Molarity is simply a measure of how many moles of solute you have in one liter of a given solution. In order for a solution to have a molarity of #"1 M"#, it must contain #1# mole of solute for every #"1 L"# of solution.

In your case, you have a #"0.5 M"# solution of copper(II) sulfate, #"CuSO"_4#. This tells you that #"1 L"# of this solution contains #0.5# moles of copper(II) sulfate.

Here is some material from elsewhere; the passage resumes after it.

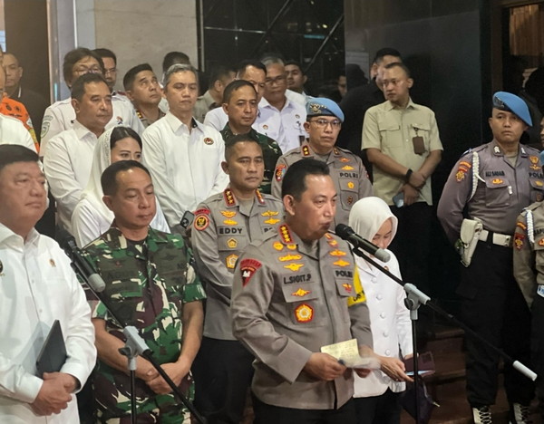 tribratanews.lampung.polri.go.id. Jakarta, Selasa 01 April 2025 Kapolri Jenderal Polisi Drs. Listyo Sigit Prabowo menyatakan bahwa pengamanan pada saat Salat Idulfitri 1446 Hijriah menyasar 78.506 masjid. Hal itu disampaikan Jenderal Sigit usai video conference dengan jajaran yang dipimpin Menkopolkam Budi Gunawan, untuk memastika kesiapan pengamanan Hari Raya Lebaran 2025.“Kurang lebih 78.506 masjid dan 38.390 tempat yang akan digunakan untuk melaksanakan selat Ied,” ungkap Jenderal Sigit di Gedung Promoter Polda Metro Jaya, Jakarta Selatan, Minggu (30/3/25). Menurut Jenderal Sigit, pengamanan sendiri telah dipastikan berjalan sejak malam takbiran saat ini. Dalam video conference, dipastikan seluruh jajaran telah siap melaksanakan pengamanan Salat Ied, besok (31/3/25). Disampaikan Jenderal Sigit, untuk malam takbiran sendiri telah terdapat 843 titik yang digunakan untuk melaksanakan kegiatan malam takbiran. “Jadi perlu saya informasikan kepada rekan-rekan bahwa hari ini ada kurang lebih 843 titik yang digunakan untuk melaksanakan kegiatan malam takbiran yang melibatkan kurang lebih 555.589 orang,” ujar Jenderal Sigit. Jendedal Sigit pun menyampaikan selamat Hari Raya Idulfitri kepada umat Muslim di seluruh Indonesia. Ia memastikan, pengamanan masih akan terus dilakukan hingga arus balik selesai dilakukan. “Kami mengutapkan Selamat Hari Raya Idulfitri 1446 Hijriah,” ujar Kapolri. Dalam video conference tersebut turut hadir Panglima TNI Jenderal Agus Subiyanto, Menteri Perhubungan Duddy Purwagandhi, Kepala BMKG Dwikorita, Menteri Dalam Negeri Tito Karnavian, Kabaintelkam Komjen Pol. Syahardiantono, Kadivhumas Polri Irjen Pol. Sandi Nugroho, Kapolda Metro Jaya Irjen Pol. Karyoto, Pangdam Jaya Mayjen TNI Rafael G, Kakorlantas Polri Irjen Pol. Agus Suryonugroho, dan sejumlah pejabat lainnya.
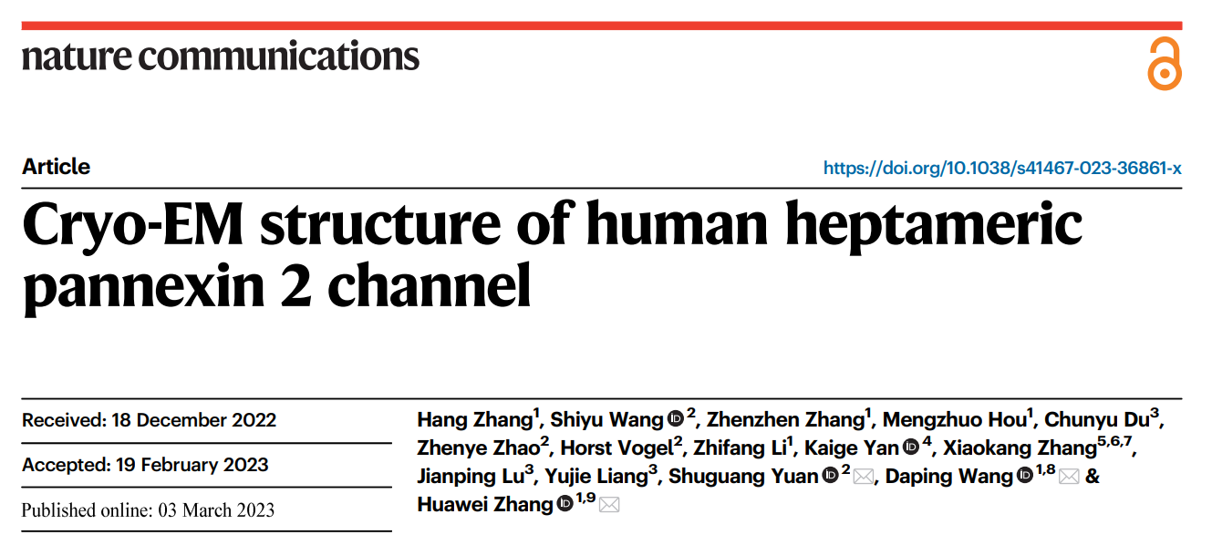 1. Zhang, H., Wang, S., Zhang, Z. et al. Cryo-EM structure of human heptameric pannexin 2 channel. Nat Commun 14, 1118 (2023).

Since you have more than #"1 L"# of this solution, you are going to get more than #0.5# moles of solute. More specifically, you will get

#5.1 color(red)(cancel(color(black)("L solution"))) * "0.5 moles CuSO"_4/(1color(red)(cancel(color(black)("L solution")))) = "2.55 moles CuSO"_4#

Finally, use the molar mass of copper(II) sulfate to convert the number of moles to grams

#2.55 color(red)(cancel(color(black)("moles CuSO"_4))) * "159.61 g"/(1color(red)(cancel(color(black)("mole CuSO"_4)))) = color(darkgreen)(ul(color(black)("410 g")))#

I'll leave the answer rounded to two sig figs, but keep in mind that you only have one significant figure for the molarity of the solution.